═════ Source data ═════
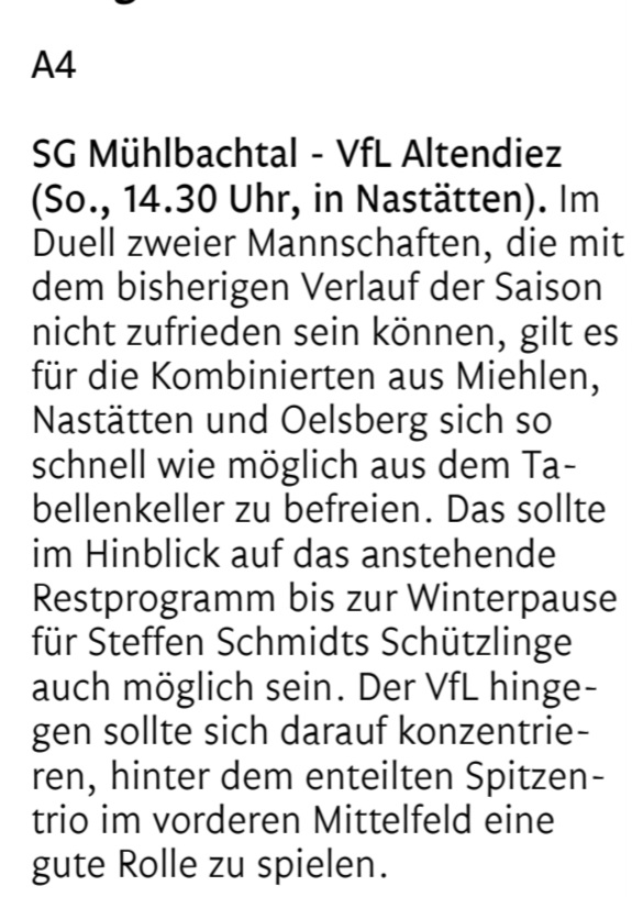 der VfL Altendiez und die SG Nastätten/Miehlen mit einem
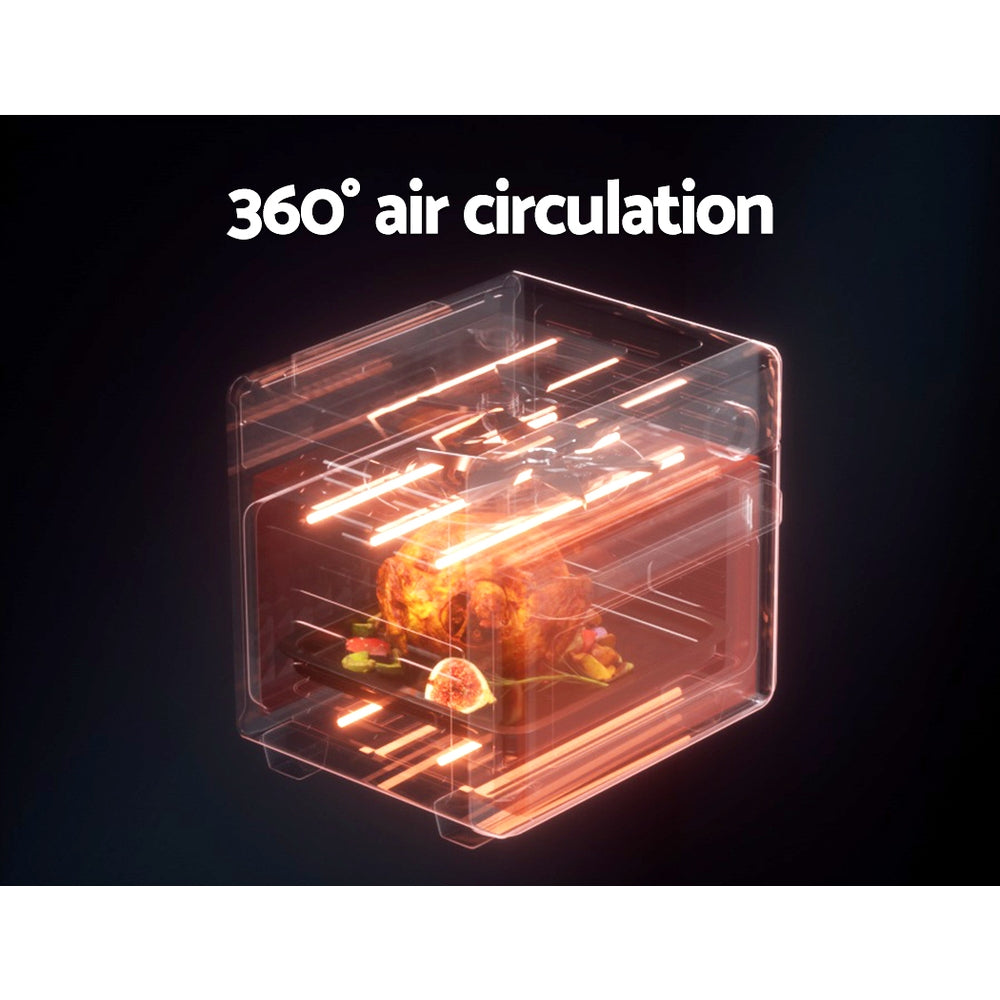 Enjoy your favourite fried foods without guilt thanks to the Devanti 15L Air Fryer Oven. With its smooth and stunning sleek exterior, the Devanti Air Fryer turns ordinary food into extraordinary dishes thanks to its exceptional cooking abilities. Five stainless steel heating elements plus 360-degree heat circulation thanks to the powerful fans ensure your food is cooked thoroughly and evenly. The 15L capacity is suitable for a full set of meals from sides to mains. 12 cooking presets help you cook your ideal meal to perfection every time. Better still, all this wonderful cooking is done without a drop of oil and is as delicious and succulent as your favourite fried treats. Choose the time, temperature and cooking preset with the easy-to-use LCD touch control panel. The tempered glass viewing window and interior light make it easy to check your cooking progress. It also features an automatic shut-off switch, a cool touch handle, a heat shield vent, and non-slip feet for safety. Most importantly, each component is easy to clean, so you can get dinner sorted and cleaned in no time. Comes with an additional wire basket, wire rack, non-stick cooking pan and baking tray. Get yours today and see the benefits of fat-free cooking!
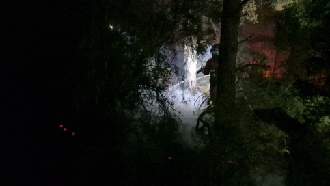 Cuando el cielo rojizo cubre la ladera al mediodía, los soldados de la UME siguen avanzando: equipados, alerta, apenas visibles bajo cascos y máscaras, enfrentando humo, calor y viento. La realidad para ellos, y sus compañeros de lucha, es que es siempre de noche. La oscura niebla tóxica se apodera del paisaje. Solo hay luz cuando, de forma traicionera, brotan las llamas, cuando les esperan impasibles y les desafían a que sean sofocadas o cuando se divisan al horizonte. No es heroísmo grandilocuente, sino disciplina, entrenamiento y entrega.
═════
Take the line containing "Enjoy your favourite" and every line after it up to the end of the data, and write them out exactly, without the pictures.

 Enjoy your favourite fried foods without guilt thanks to the Devanti 15L Air Fryer Oven. With its smooth and stunning sleek exterior, the Devanti Air Fryer turns ordinary food into extraordinary dishes thanks to its exceptional cooking abilities. Five stainless steel heating elements plus 360-degree heat circulation thanks to the powerful fans ensure your food is cooked thoroughly and evenly. The 15L capacity is suitable for a full set of meals from sides to mains. 12 cooking presets help you cook your ideal meal to perfection every time. Better still, all this wonderful cooking is done without a drop of oil and is as delicious and succulent as your favourite fried treats. Choose the time, temperature and cooking preset with the easy-to-use LCD touch control panel. The tempered glass viewing window and interior light make it easy to check your cooking progress. It also features an automatic shut-off switch, a cool touch handle, a heat shield vent, and non-slip feet for safety. Most importantly, each component is easy to clean, so you can get dinner sorted and cleaned in no time. Comes with an additional wire basket, wire rack, non-stick cooking pan and baking tray. Get yours today and see the benefits of fat-free cooking!
 Cuando el cielo rojizo cubre la ladera al mediodía, los soldados de la UME siguen avanzando: equipados, alerta, apenas visibles bajo cascos y máscaras, enfrentando humo, calor y viento. La realidad para ellos, y sus compañeros de lucha, es que es siempre de noche. La oscura niebla tóxica se apodera del paisaje. Solo hay luz cuando, de forma traicionera, brotan las llamas, cuando les esperan impasibles y les desafían a que sean sofocadas o cuando se divisan al horizonte. No es heroísmo grandilocuente, sino disciplina, entrenamiento y entrega.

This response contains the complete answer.